The Associated Gospel Churches, commonly known as AGC, is a Canadian evangelical Christian denomination. It is affiliated with the Evangelical Fellowship of Canada. The national headquarters are located in Burlington, Ontario, Canada.

History 
The Associated Gospel Churches can trace its origins to the 1890s, when the AGC began a group of independent churches, in Ontario, Canada, that was joined together by a charter under the leadership of Dr. P. W. Philpott. In 1922, the group was named the Christian Workers' Church of Canada. To differentiate itself from similarly named, but theological differing groups, the denomination was renamed Associated Gospel Churches in 1925. It was federally incorporated March 18, 1925.

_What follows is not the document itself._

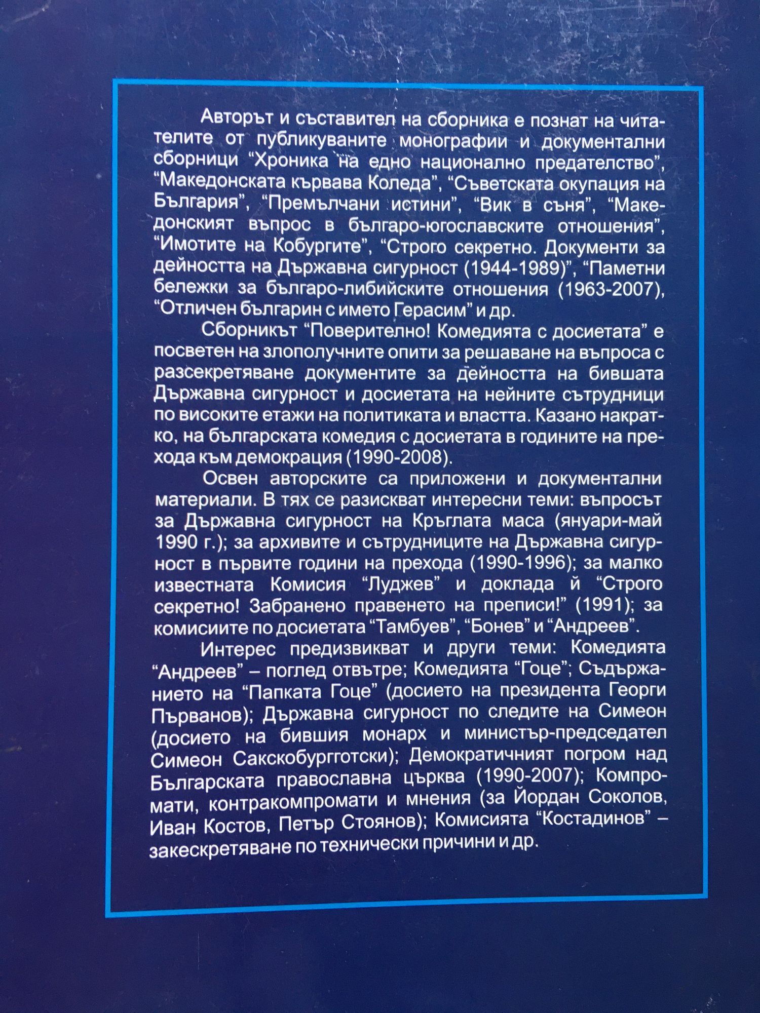Авторът и съставител на сборника е познат на читателите от публикуваните монографии и документални сборници "Хроника на едно национално предателство", "Македонската кървава Коледа", "Съветската окупация на България", "Премълчани истини", "Вик в съня", "Македонският въпрос в българо-югославските отношения", "Имотите на Кобургите", "Строго секретно. Документи за дейността на Държавна сигурност (1944-1989)", "Паметни бележки за българо-либийските отношения (1963-2007), "Отличен българин с името Герасим" и др. Сборникът "Поверително! Комедията с досиетата" е посветен на злополучните опити за решаване на въпроса с разсекретяване документите за дейността на бившата Държавна сигурност и досиетата на нейните сътрудници по високите етажи на политиката и властта. Казано накратко, на българската комедия с досиетата в годините на прехода към демокрация (1990-2008). Освен авторските са приложени и документални материали. В тях се разискват интересни теми: въпросът за Държавна сигурност на Кръглата маса (януари-май 1990 г.); за архивите и сътрудниците на Държавна сигурност в първите години на прехода (1990-1996); за малко известната Комисия "Луджев" и доклада й "Строго секретно! Забранено правенето на преписи!" (1991); за комисиите по досиетата "Тамбуев", "Бонев" и "Андреев". Интерес предизвикват и други теми: Комедията "Андреев" - поглед отвътре; Комедията "Гоце"; Съдържанието на "Папката Гоце" (досието на президента Георги Първанов); Държавна сигурност по следите на Симеон (досието на бившия монарх и министър-председател Симеон Сакскобургготски); Демократичният погром над Българската православна църква (1990-2007); Компромати, контракомпромати и мнения (за Йордан Соколов, Иван Костов, Петър Стоянов); Комисията "Костадинов" - закескретяване по технически причини и др.

The AGC began its first expansion outside of Ontario in 1940, when a group of churches based in Western Canada sought to affiliate themselves with AGC. This group of churches eventually became what is now known as AGC West Region.

In 1944, the AGC began expanding its English language ministries into the Canadian province of Quebec, and began its first French language ministries in 1972.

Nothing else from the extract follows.